Warning you...this is a spoiler.
****
A chrystal ball time machine Delorean from the future just told me that USA swimmer Natalie Coughlin (Berkeley '05, Backstroke World Record Holder '08) will shame puny foreigners tonight on NBC. (Mon 11 August)

Safe to say that the only thing we share in common is our trainer Grace Lazenby (University of South Carolina, Equinox West Hollywood 'current). Grace founded ITrain, that saves you $120/hour by downloading a top professional trainer's full workout, set to music, via MP3/Itunes. Coughlin created her own Olympic-ass whooping workouts as programs that you can download, listen to, and fight off a heart attack while attempting to keep pace with in real time.

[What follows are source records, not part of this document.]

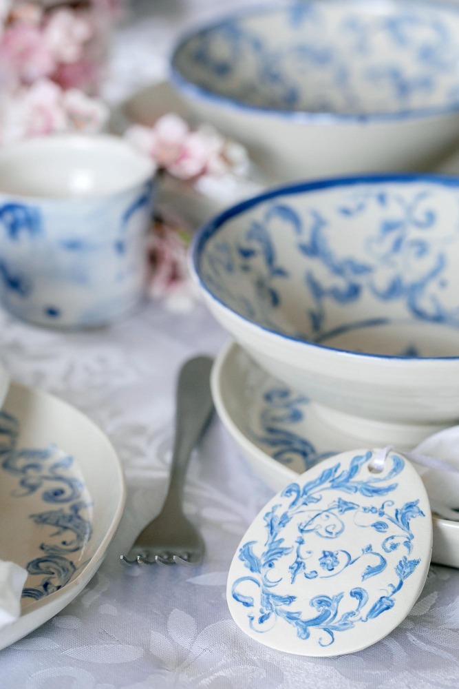 Je travaille en dessinant moi-même mes modèles sur un support en porcelaine blanche (pièce unique) et en apposant la couleur la plus fine possible plusieurs fois (température entre 890 à 1100 degrés à chaque cuisson) afin d’obtenir une pièce qui ne craindra pas le lave-vaisselle, le micro onde, le four électrique, le couteau et le congélateur.
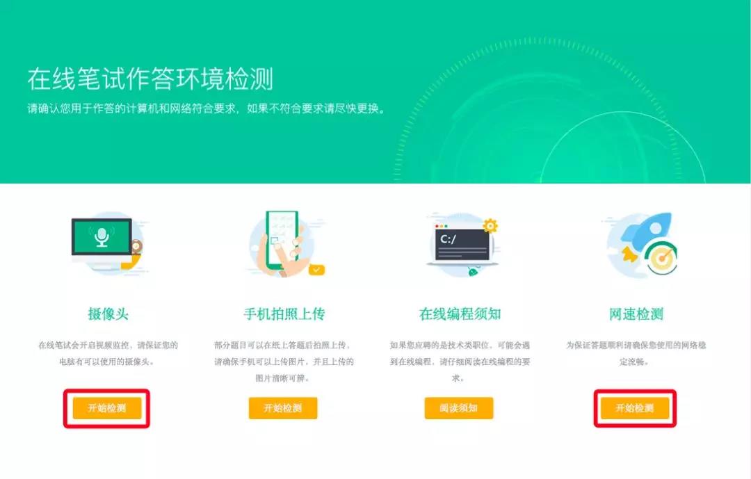 2.軟件準(zhǔn)備:請(qǐng)確保作答前關(guān)閉易出現(xiàn)彈窗、廣告的軟件或網(wǎng)頁(yè),如QQ、微信、360、迅雷等(彈窗會(huì)導(dǎo)致考試界面跳出,頻繁跳出將被視為作弊);請(qǐng)確保您的電腦安裝了Chrome瀏覽器(66以上版本,下載網(wǎng)址https://www.baidu.com/s?wd=chrome)并確保攝像頭可用;為了考試順利,請(qǐng)盡早前往https://assistant.ceping.com進(jìn)行攝像頭、網(wǎng)速等作答環(huán)境的檢測(cè)(如下圖):
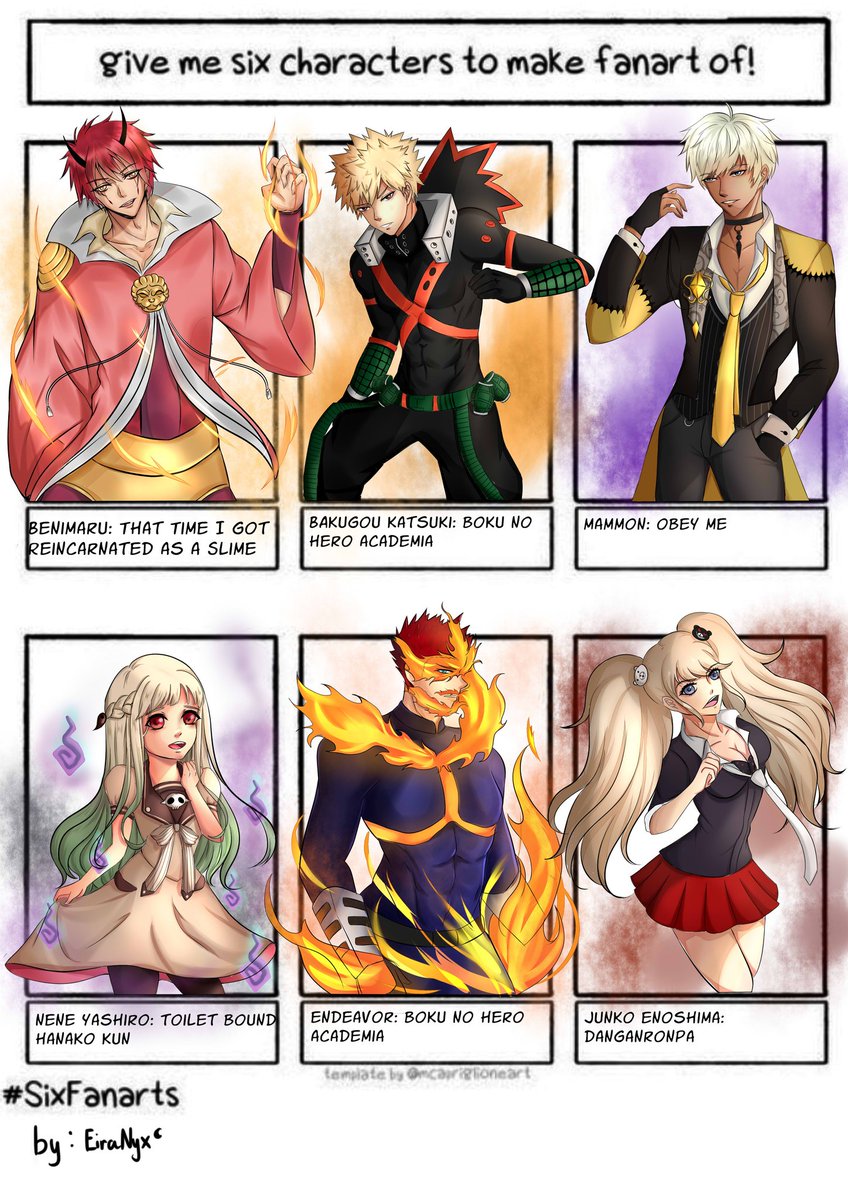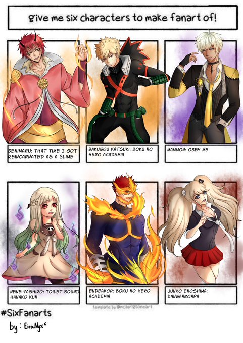 I'm so late finishing this but anyways Its actually rushed I'll just cry in the corner and question my existence (╥﹏╥) #sixfanarts #sixfanartschallenge #thattimeigotreincarnatedasaslime #bokunoheroacademia #obeyme #toiletboundhanakokun #danganronpa

Coughlin told a CHIMP.net operative "I want to share my knowledge of training on a platform (pun)that everyone can use."
On medal eve, Lazenby (right, with Cheryl Hines left) told TheCHIMP.net "The unique thing about Natalie is that 50% of hertraining is out of the water."

Even after brushing up against Grace for a few years, it is agreed a 2.5 hour head start would be an appropriate head start in head to head client competition.

Inspired to Olympic Greatness? Dive in to ITrain over here.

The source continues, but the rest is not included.